With the recent changing of Marijuana back up to a class B drug in the UK and the sacking of its head drug advisor due to public comments about smoking and drinking being more harmful than most drugs its worth looking at our crazy drug laws and wondering whether any governing party will ever have the balls to actually try and tackle the problem properly.

The fact is that our stupid drug laws in the west have not led to less drug users but more users, more deaths, more addicts and more money for the people at the top who control the trade. I am of the belief that all drugs should be made legal so that they can be controlled correctly and safely.

Certain drugs like Marijuana should be allowed to be home grown for personal consumption anyway and the more problematic drugs like heroin and crack cocaine should be regulated for the good of society as the current legal framework definitely does not lead to anything good for society just lots of people in jail, high crime rates, millions of addicts and deaths due to the lack of quality assurance that comes with an underground illegal trade.
The biggest problem is with Heroin, a drug that if taken in its pure form addicts can lead normal healthy lives but because of its illegality means that people die regularly.
Not only is overdose an issue because strength cannot be gauged by sight alone and there is no helpful packaging to let the user know how strong it is but because of impurities added to smack, the latest being Anthrax spores from a type of mud mixed in because it looks like the powder, addicts regularly die of other causes.
If the drug was controlled like it was before the 1973 misuse of drugs Act came into action in the UK then addicts could receive their dose from a doctor and lead normal lives with the offer of help to come off it when they are ready.
With a clean, free or cheap supply of the drug then the black market trade would surely decrease if not stop due to their being no money to be made. The only potential customers would be the "new" addict in waiting, the school kid or experimenter as anyone already hooked would be receiving their dose through regulated channels. Why risk banging up brick dust or Anthrax spores when you can get a pure shot from your GP?
As for the crime rate, insurance premiums, prison population size and taxes they would all come down.
Heroin and Crack addicts rob to pay the hugely inflated prices for their dose. An acre of poppy field can be bought in India or Afghanistan for less than a hundred pounds but a gram in the UK can cost up to £50. Therefore the markup on this product is immense and considering that a purity percentage of 30-50% is considered pretty good there is ample scope for dealers to cut the product to bump up their profits.
Most burglaries, robberies and theft is committed by addicts looking for money to pay for their fix.
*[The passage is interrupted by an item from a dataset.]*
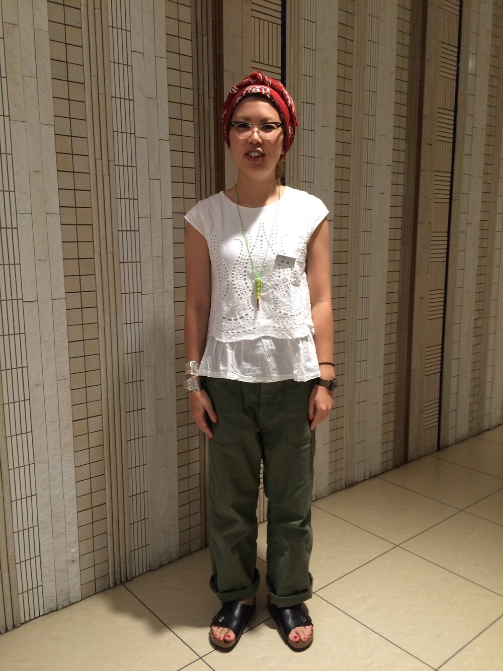 とうもろこしのネックレスがポイント。 このパンツお気に入りです。

Prisons are full of addicts and we all know that there is not enough rehabilitation occurring inside due to the high cost of actually trying to solve a problem as complex as an individuals life. However this is very short sighted as the cost of trying to wean an addict off drugs and help them rebuild their life is far outweighed by the costs of policing, insurance claims, court costs and the cost of holding someone in prison and feeding them.
Someone convicted of a theft related crime related to their drug addiction should not be given a criminal record and sent to prison but instead should be sent to special new detox centers which should be built on mass in this country.
Prisons should be kept for those convicted of violent offences or bankers who fraudulently steal billions but an addict who is forced to steal for their habit should be treated not punished. These centers would be locked down unlike open prisons and after detoxing there should be rehabilitation and life training, and before leaving the user should be provided with a Naltrexone implant to give them a clean next 6 months.
The cost of such an approach maybe high in the short term but in the long term it would pay huge dividends. The problem is that no governing party in the UK has ever been able to promote such an approach even if they had wanted to due to the moral outrage that such a policy would erupt inside Daily Mail readers who would think that this was "being soft on drugs".
There were signs that our government was starting to see the light when it moved Cannabis to class C down from Class B.
However with the recent re-classification of it back up to a Class B most people do not realise that this shift has actually meant that the punishments for Class C drugs are now more harsh than ever. 
This is because when Cannabis was moved down a class the penalties for all Class C drugs which included non-prescribed Benzo's, Barbs and so on went up. So what we are actually left with is actually a more harsher drugs regime than if the Labour government had just kept Weed as Class B in the first place.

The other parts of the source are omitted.